At the time when I began trying to draw my father into literary conversations, we were living in a Miami tract development that featured homes whose exteriors evoked a variety of architectural schools. Most were Modernist; several looked like Modernist churches. Ours had a pale green, Bauhaus-style façade, and was settled into an unpruned hammock of overhanging trees and dense, humid-looking flora that appeared as if it might one day advance across the narrow yard and engulf the house. It didn’t matter that the driveway ended in a busy road, or that neighbors were close. A jungle enclosed us. You couldn’t see in, and you couldn’t see out.

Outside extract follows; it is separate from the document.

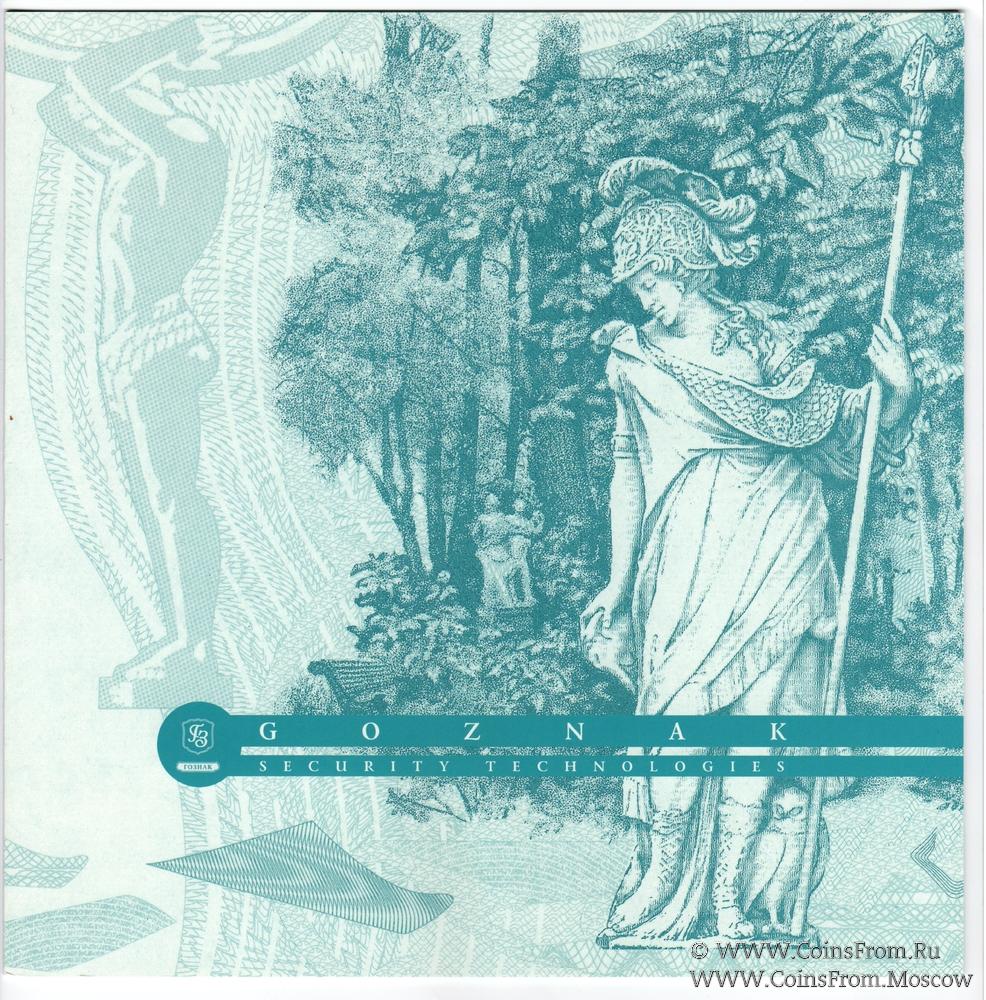 Буклет с презентационной банкнотой "300 лет Санкт-Петербургу". Вариант 1. 2002 г. ГОЗНАК. Водяной знак - "корабль". Серия "Технологии безопасности".

The house itself was a single-story rectangle with bedrooms taking up the eastern half, a thin strip of kitchen in the middle, and, looking toward the end opposite the bedrooms, a dining area and a small sunken living room. Sliding glass doors opened from the dining and living rooms onto a screened-in patio and pool out back. My sister and I spent a lot of time splashing in the water, then running into the air-conditioned house for something cold to drink. It was my job, once a week or so, to skim debris off the pool’s surface, vacuum the bottom, and, using a little plastic test kit, check the chlorine. Caring for the pool was dispiriting. The patio, like the property’s front and sides, was surrounded by hardwoods and tall pines, whose branches, arcing overhead, shed decomposing leaves, brown needles, and powdering bark that filtered through the screen and made a scum on the water. The trees blocked much of the day’s light, leaving the pool shaded during the long subtropical afternoons. These factors may have contributed to the algal buildup around the tiles marking the waterline. Algae showed on the bottom, too, and in faintly discoloring streaks that curled down the deep end’s walls. I periodically went at the algae with brushes and chemicals picked up at the pool-supply store by my father on his way home from teaching. We moved into that house in 1972. During the year of our residency there, the algae crept out of the pool and claimed sections of patio, darkly filling the veins and cracks that gave texture to the concrete. I remember dragging aside porch chairs and our glass-topped table, pouring acid over the contaminated spots, then hosing everything down. Sometimes on weekend mornings I got up early and swam a mile’s worth of laps — one of many things I did in solitude — while my parents and sister slept. On afternoons after school, I could often be found lying facedown in the water, staring through a face mask at the light show of refracting shadows cast across the surface by passing clouds and windblown treetops. In anticipation of one day getting scuba certification, I’d begun collecting gear, a piece at a time. I had a tank and a secondhand regulator, and every now and then I’d buckle these on, fasten a weight belt around my waist, plunge into the pool, and sink to the bottom, where, six feet under, I’d sit, breathing.